Apparently, there is a workaround for this problem in Avro 1.6. You specify the string type in your project's POM file:

  <stringType>String</stringType>

This is mentioned in this issue is AVRO-803 ... though the plugin's web documentation doesn't reflect this.



回答2:

This JIRA discussion is relevant. The main point of CharSequence still being used is backwards-compatability.

And like Charles Forsythe pointed out, there has been added a workaround for when String is necessary, by setting the string property in the schema.

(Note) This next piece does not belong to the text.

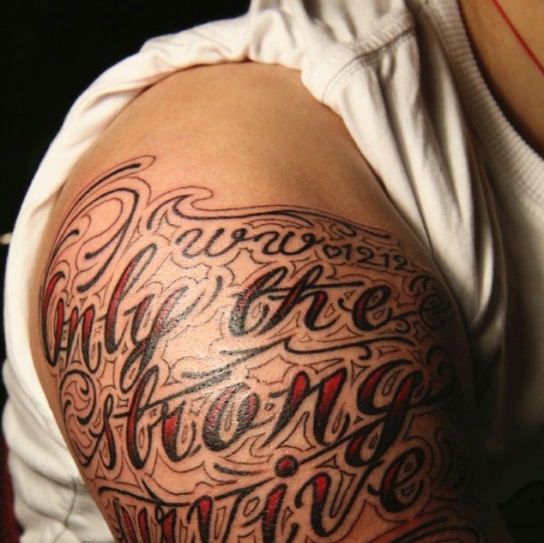 大臂个性时尚英文纹身图片

 { "type": "string", "avro.java.string": "String" }

The default type here is their own Utf8 class. In addition to manual specification and the pom.xml setting, there is even an avro-tools compile option for it, the -string option:

java -jar avro-tools.1.7.5.jar compile -string schema /path/to/schema .


回答3:

Apparently, by default, Avro uses CharSequence. I found a way to configure it to convert to String

From Avro 1.6.0 onward, there is an option to have Avro always perform the conversion to String. There are a couple of ways to achieve this. The first is to set the avro.java.string property in the schema to String:

         { "type": "string", "avro.java.string": "String" }

I have not tested this.



回答4:

Regardless of whether it's possible to force Avro to use a String, using CharSequence directly is a bad implementation because CharSequence isn't Comparable<CharSequence> and doesn't even specify equality of two identical sequences. I suggest filing this as a bug against Avro.



回答5:

a quick solution(the value type could be other Objects, now I am):

Map<String, String> convertToStringMap(Map<CharSequence, CharSequence> map){
    if (null == map){
        return null;
    }
    HashMap<String, String> result = new  HashMap<String, String>();
    for(CharSequence key: map.keySet()){
        CharSequence k_value = map.get(key);
        String s_key = key.toString();
        String s_value = k_value.toString();
        result.put(s_key, s_value);
    }
    return result;
}


回答6:

I think explicitly convert String to Utf8 will work. "some_key" -> new Utf8("some_key") and use this as your key for the map.



标签: java avro